Step 2: Imagine the freedom. In economics, the term “opportunity cost” refers to all the things you might be doing if you didn’t have horses. Not having a horse is like being able to go to Tuscany pretty much any time you like.
Step 3: Stop hanging around horse people. You know the type. People with British fox-hunting prints on the wall and three decompression chambers between the barn and the broadloom carpet. They have lantern jaws, gin veins on their noses and voices that hang on the air like hoof paint. They talk all night about stud books and trips to Lexington, and you stagger away from their dinner parties with exactly the same feeling you get on the way back from the city that you aren’t making nearly enough money or having nearly as much fun as everybody else.
I would share more details of this program with you, but the other nine steps are proprietary and I would be doing Dr. Purvis a disservice by revealing them. It is also difficult and dangerous to try to follow these steps without professional assistance.

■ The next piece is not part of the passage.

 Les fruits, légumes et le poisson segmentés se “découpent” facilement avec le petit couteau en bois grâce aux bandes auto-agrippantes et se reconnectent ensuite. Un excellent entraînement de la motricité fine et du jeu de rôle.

Dr. Purvis scared me into the program one day when I went into his office for yet another gallon jug of phenylbutazone, the horse anti-inflammatory that comes in the orange-flavoured crystals. He asked me if I was using the “bute” myself. I insisted I was not. He took me by the elbow.

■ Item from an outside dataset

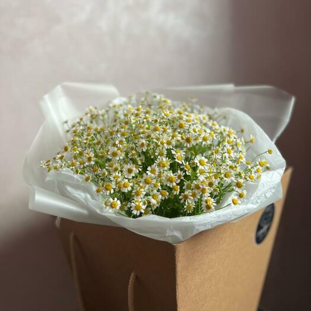 Атласная лента – 1 шт.Ромашка (матрикария) – 11 шт.декоративная упаковка – 2 шт.

“They don’t make that stuff in orange flavour for the horse, you know. It’s for the trainers.”
“Really?”
“You take a really good farm, one that’s been in the family for three generations and has sent kids to college. You put one horse on that farm and it starts on a downward slope to destruction. Pretty soon the guy is spending too much time at the track and then too much time in the bar at the track. Then he’s into the bute and before long the copper weathervane is hanging at an angle off the roofline, the boards are blowing off the barn and the white fences are all tipped over.”

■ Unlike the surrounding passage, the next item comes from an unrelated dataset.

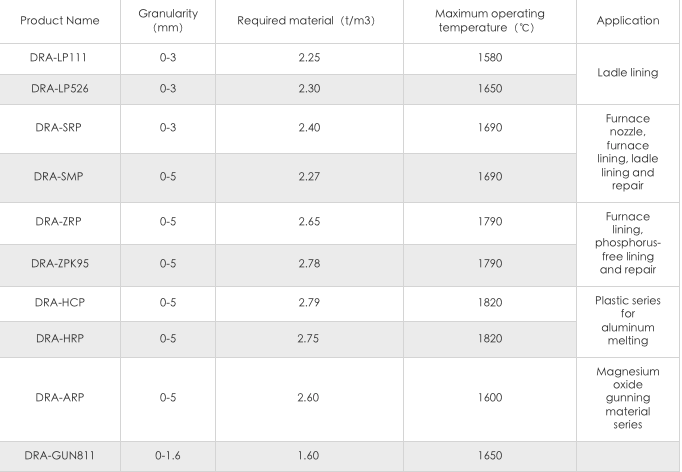 Bu farklı seri plastikler, herhangi bir eklemeye (su dahil) ihtiyaç duymadan doğrudan yama/sıkıştırmaya uygun olarak karakterize edilir. Isıtma, kurulumdan hemen sonra başlatılabilir ve kürlenmeye gerek yoktur. Aynı kalınlıktaki dökülebilir plastiklere kıyasla, ısıtma süresi daha kısadır. Hızlı Isınan plastikler gerektiğinde mevcuttur. Bunlar, metal temas astarı onarımı ve yapımında yaygın olarak uygulanır (ağızlık, kepçe, kazan, yıkama oluğu gibi…); Elektrik ark fırınlı ferronikel musluk deliği hızlı bloğu (ZRP). Fosforsuz Plastikler (HRP), son derece düşük fosforlu uygulamalarda kullanılabilir.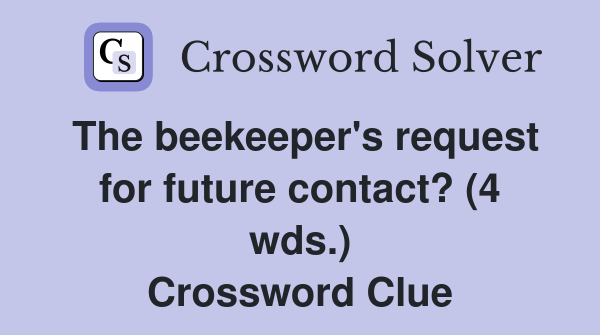 The beekeeper s request for future contact? (4 wds ) Crossword Clue

It was a chilling story. It scared me so badly I signed up. I learned there’s only one way to recover any money on a horse and that is to sell it for a whole lot less than you paid for it. Dr. Purvis taught me how to tell a white lie: “She’s a dear old thing with no bad habits, trailers well and is good with children.” If you can learn to do that, and if you can take your lowest price and cut it in half, you will soon enjoy that light sensation horses get when the saddle and bridle come off and they are released into a lush pasture – forever.